Schlichtung: Kostenfrei, aber nicht bindend

Der Verein hat das Ziel, Konflikte zwischen Verkehrsunternehmen und ihren Kundinnen und Kunden beizulegen. Dazu prüfen Juristinnen und Juristen jeden vorliegenden Fall einzeln. Dass in diesem Sommer viel schiefgelaufen ist, erkennt man an der Anzahl der eingegangenen Schlichtungsanträge: Allein zwischen Juni und Mitte August gingen über 3000 Anträge bei der söp ein, mehr als 80 Prozent aus dem Flugverkehr. Tendenz steigend. Cofalla geht davon aus, dass sie bis Ende 2022 sukzessive mehr Schlichtungsanträge erreichen – „sofern Reisen nicht erneut nur stark eingeschränkt möglich sein sollten, zum Beispiel aufgrund des Ukraine-Kriegs oder einer schweren Corona-Welle“.

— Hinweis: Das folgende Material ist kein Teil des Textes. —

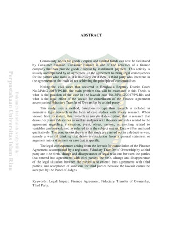 Community needs for goods / capital and limited funds can now be facilitated by Consumer Finance. Consumer Finance is one of the activities of a finance company that can provide goods / capital by installment payment. This activity is usually accompanied by an agreement. In the agreement to bring legal consequences for the parties who make it, it is no exception if there is third party who intervene in the agreement on the basis of not achieving the principle of consensualism. Noting the civil cases that occurred in Bengkalis Regency District Court No.2/Pdt.G 2017/PN.Bls, the main problem that will be examined in this Thesis is what is the position of the case in the lawsuit case No.2/Pdt.G/2017/PN.Bls and what is the legal effect of the lawsuit for cancellation of the Finance Agreement accompanied Fiduciary Transfer of Ownership by a third-party. This study uses a method, based on its type this research is included in normative legal research in the form of case studies with library research. When viewed from its nature, this research is analytical descriptive, that is research that draws / explains / describes as well as analyzes with theories and rules related to the agreement regarding a situation, event, object, person, or anything related to variables can be explained as referred to in the subject matter. Data will be analyzed qualitatively. The conclusions drawn in this study are carried out in a deductive way, namely a way of thinking that draws a conclusion from a general statement or argument into a statement or case that is specific. The legal consequences arising from the lawsuit for cancellation of the Finance Agreement accompanied by a registered Fiduciary Transfer of Ownership by a third party are : the birth, change and disappearance of legal relations between the parties that entered into agreements with third parties; the birth, change and disappearance of the legal situation between the parties who entered into agreements with third parties; and acceptance of sanctions for third parties because the lawsuit cannot be accepted by the Panel of Judges.

Wer sich nicht selbst um eine Erstattung bemühen kann oder möchte, kann auch eine Agentur damit beauftragen, den Anspruch auf Entschädigung bei der Fluggesellschaft durchzusetzen. Doch diese Unternehmen beanspruchen bis zu 40 Prozent der Erstattungen als Honorar. Außerdem kann es passieren, dass die Unternehmen auch Aufträge ablehnen. Die Schlichtungsstelle dagegen prüft alle Fälle, kostenfrei.

Aber: Parallel zur Schlichtungsprüfung darf kein gerichtliches Verfahren zur Klärung der Zahlung laufen. Außerdem muss das Unternehmen Mitglied im söp sein. Kommt es dann zu einer Schlichtung, gilt diese zunächst nur als Empfehlung, und ist für die Unternehmen nicht bindend, hat aber den Stellenwert eines außergerichtlichen Vergleichs. Das ganze Verfahren ist für die Antragstellenden kostenlos. Laut söp sind rund 80 Prozent der Schlichtungen erfolgreich. Verweigert die Fluggesellschaft trotz der Schlichtung die Zahlung, kann die rechtliche Prüfung für einen gerichtlichen Prozess verwendet werden.